18.11.2005 Katmandu – Lukla - Phakding

Um 04:45 Uhr klingelt das Telefon mit unserem Weckruf. Flink wird noch einmal warm geduscht und zu Recht gemacht. Um 05:30 Uhr stehen wir mit Sack & Pack in der Lobby und werden pünktlich von Prakash abgeholt. Unseren Seesack lassen wir im Hotel zurück, der Rest geht mit, inklusive unserer Frühstückboxen. Am Terminal für Inlandsflüge treffen wir Dandy Sherpa – unserer Guide für die nächsten Tage. Jung, klein, drahtig und immer lächelnd macht er einen sehr sympathischen Eindruck. Seine Kleidung sieht auch professionell aus – besser als Paul oder Felix in Kenia.
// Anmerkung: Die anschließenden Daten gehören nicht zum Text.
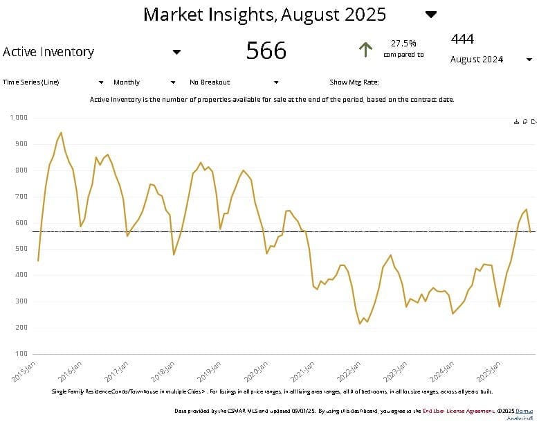 - 566 active listings, compared to 444 this time last year — a 27% increase

Fleißige Nepalesen sind gleich zur Stelle, die unsere Rucksäcke zum Gebäude tragen. Statt der gewünschten USD 10,- geben wir ihnen 50 Rupien was bei einem Tageslohn von 150 Rupien vernünftig ist. Etwas enttäuscht über die Rupien statt Euros oder USD ziehen sie ab. Drinnen sind drei Schalter für die Abfertigung von Buddha Air, Yeti Air und Cita Air. Wir werden mit Yeti Air fliegen und Dandy checkt uns alle ein. Insgesamt bringen wir 70kg auf die Wage. Die Tax (170 Rupien) bezahlen wir an einem separaten Schalter. Die Sicherheitskontrolle verläuft sehr spartanisch. Ein leicht „warmer“ Beamter bittet David zum kuscheligen „ Body Check“. Im großen Wartesaal verputzen wir unser gutes Frühstück vom Radisson und wecken damit gleich die freudige Aufmerksamkeit unserer Nachbarn. Zwei Deutsche, die auf individuellem Wege nach Lukla sind, um dort auch den Trek zum Kala Patthar (5.675m) zu gehen. Wir haben viel Spaß mit unserem „Full Service“. Sicher werden wir uns irgendwo und irgendwann am Berg wieder sehen.
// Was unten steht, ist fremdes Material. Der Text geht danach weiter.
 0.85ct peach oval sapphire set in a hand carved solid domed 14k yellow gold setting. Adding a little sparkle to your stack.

Der Abflug verzögert sich durch starken Nebel. Aber wir haben ja die erste Maschine gebucht, so dass wir sicher sind, sollte es irgendwann losgehen, werden wir mit dabei sein. Die halle füllt sich zunehmend – Japaner, Inder, Deutsche, Franzosen, Amis = alle sind sie da. Unser Flug sollte eigentlich um 06:30 Uhr gehen. Gegen 07:30 Uhr tut sich erstmals etwas. Ein Flug nach Lukla wird aufgerufen und wir bewegen uns zum Gate, welches eine Tür ist, durch die alle abgefertigt werden. Eine Traube von Menschen versammelt sich und viele kommen mit, nur wir nicht. Anscheinend haben sie einfach den nächsten Flug abgefertigt. Daran muss man sich wohl gewöhnen. Tee trinken, lesen, irgendwie beschäftigen. Um 10:00 Uhr sind wir an der Reihe. Mit einer weiteren Gruppe steigen wir ins Propellerflugzeug. David, Kai und ich sitzen direkt hinter dem Piloten und haben somit freie Sicht auf die Instrumente. Wir steigen auf 11.400 feet. Die Berge des Himalayas liegen majestätisch vor uns. Die Landung ist absolut spektakulär und atemberaubend. Aus dem Nichts taucht plötzlich ein zarter Streifen zwischen den Bergen auf, auf den der Pilot mit einem steilen Sinkflug hinsteuert. Dieses anscheinend kurze Etwas ist die Landebahn des Tenzing-Hillary Airport, angelegt auf einer der wenigen ebenen Hochflächen in den Bergen von Lukla. Vor der Landebahn fällt der Berg senkrecht ab und am Ende der nur ca. 600 m „langen“ Piste erhebt sich eine gewaltige Felswand eines Sechstausenders. Die Piste selber ist steil ansteigend, um somit die Kürze für die Landung zu kompensieren und die Maschinen abzubremsen, bzw. ihnen für den Start den nötigen Schwung mitzugeben. Bei diesem Anblick und der bevorstehenden Landung ist uns auf einmal allen Himmel Angst und Bange. Zur „Beruhigung“ sieht man auch noch die letzten Überreste einer vor Jahren am Hang zerschellten Maschine. Es ist muchs-mäuschen still in der Maschine und wenn ich mich umsehe, sind alle Augen weit aufgerissen und innerlich betet wohl jeder, ob gläubig oder nicht, „Bitte lass die Maschine rechtzeitig zum Stehen kommen“. Auf die Felswand zu rasend und mit ordentlichem Gegenschub abbremsend, dreht der Pilot im letzten Moment auf des Parkfeld nach rechts ab und da stehen wir – unendlich erleichtert. Es ist 10:45 Uhr und wir befinden uns in 2.860m Höhe. Die ganze Maschine klatscht vor Erleichterung und Dank, so wie man das nur von peinlichen Charterflügen kennt.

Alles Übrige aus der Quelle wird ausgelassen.